Development and implementation of digital government strategies has been pressurising the government CIO role, the report noted.
More than 20% of government organisations are anticipated to appoint chief digital officer and about 10% of them will appoint chief data officer by 2014, a new Gartner report has revealed.
The research firm noted that the development and implementation of digital government strategies has been pressurising the government CIO role, which is leading to establishment of new roles.
Gartner managing vice president Andrea DiMaio said that digital government strategies issued in several jurisdictions during the past 12 months, as well as the continued momentum of open government, are bringing new leadership roles to the fore.
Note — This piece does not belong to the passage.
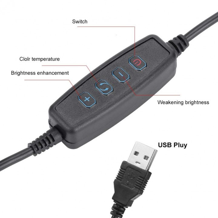 Technical Indicators Light Source: LED LED Number: 120pcs LED Outer Power: 8W CRI: Ra85 Lumens: 2600LM Output Voltage: USB 5V Color Temperature: 3200K - 5600K Dimmable: YES Material: Plastic Ring Light Size: External diameter 10-inch (26cm)/ Internal diameter 7.8-inch (20cm)

"In government, as well as other industries, roles like chief data officer or chief digital officer are emerging in response to the increasing importance of enterprise digital assets," DiMaio said.
The newly assigned roles would coexist with additional traditional roles such as CIO and chief technology officer (CTO), which would demand a close working relationship between new and already active roles.
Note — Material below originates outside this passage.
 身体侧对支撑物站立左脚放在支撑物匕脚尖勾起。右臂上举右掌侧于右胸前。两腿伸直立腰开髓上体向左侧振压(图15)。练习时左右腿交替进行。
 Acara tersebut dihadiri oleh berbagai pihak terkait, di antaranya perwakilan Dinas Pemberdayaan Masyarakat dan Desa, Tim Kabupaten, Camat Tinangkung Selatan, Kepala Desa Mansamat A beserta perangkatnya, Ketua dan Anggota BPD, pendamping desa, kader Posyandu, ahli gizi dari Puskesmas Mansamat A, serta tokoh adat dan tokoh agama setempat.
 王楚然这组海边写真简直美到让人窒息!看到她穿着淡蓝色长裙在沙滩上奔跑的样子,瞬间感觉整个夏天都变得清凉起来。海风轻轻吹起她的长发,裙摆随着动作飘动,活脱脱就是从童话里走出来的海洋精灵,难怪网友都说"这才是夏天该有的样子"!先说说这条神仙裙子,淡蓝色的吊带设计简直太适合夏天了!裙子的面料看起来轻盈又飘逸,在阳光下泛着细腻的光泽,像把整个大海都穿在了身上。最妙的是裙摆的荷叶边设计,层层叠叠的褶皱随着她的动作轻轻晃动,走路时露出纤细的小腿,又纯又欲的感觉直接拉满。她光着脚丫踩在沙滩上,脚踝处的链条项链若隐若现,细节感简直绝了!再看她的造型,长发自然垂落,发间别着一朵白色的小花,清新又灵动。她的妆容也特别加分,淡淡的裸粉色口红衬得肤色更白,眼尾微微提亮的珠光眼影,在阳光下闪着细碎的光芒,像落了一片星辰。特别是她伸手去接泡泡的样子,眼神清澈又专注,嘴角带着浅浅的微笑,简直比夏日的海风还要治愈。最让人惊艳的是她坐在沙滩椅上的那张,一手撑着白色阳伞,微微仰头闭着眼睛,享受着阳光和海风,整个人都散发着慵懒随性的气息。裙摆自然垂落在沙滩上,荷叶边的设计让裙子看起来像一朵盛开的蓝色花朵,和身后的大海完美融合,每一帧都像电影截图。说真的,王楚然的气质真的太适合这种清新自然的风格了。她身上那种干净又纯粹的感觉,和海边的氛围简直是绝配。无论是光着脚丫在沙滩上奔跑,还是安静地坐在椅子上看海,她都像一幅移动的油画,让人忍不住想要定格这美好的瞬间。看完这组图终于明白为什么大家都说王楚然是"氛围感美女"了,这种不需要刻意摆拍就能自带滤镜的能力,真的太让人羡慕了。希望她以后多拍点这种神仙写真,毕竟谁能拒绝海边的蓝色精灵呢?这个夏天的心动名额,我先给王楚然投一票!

"Government CIOs must establish good working relationships with chief data officers, chief digital officers or equivalent roles introduced to support the digital strategy, and identify areas where they can add value to a different role’s responsibility," DiMaio added.
"They should also push for a clear demarcation between their role and the roles of others with regard to information by defining clear principles about ownership, purpose and use."
It is believed that the overlying roles and lack of the required knowledge of clear distinction about responsibilities on information management, along with a trouncing emphasis on and enthusiasm for digital and open government schemes, will certainly direct to rebalancing such tasks.
Gartner research director Rick Howard said that the most vulnerable role in this scenario will be that of the chief data officer, because the tension between the internal information management focus of the CIO and the external focus of the chief digital officer will intensify.
"The application of open data principles to data other than public data will give CIOs the ability to regain a key role on driving the data architecture well beyond the externally facing remit of a chief data officer," Howard said.
"As a result, the chief data officer role is very likely to be subsumed by the CIO or the chief digital officer.
"The title may remain, but the occupant will likely be reporting to the CIO or the chief digital officer."
Gartner suggests the government CIOs to weigh up whether they are capable and keen to accept some or all of the tasks of other roles and put up a road map to do so.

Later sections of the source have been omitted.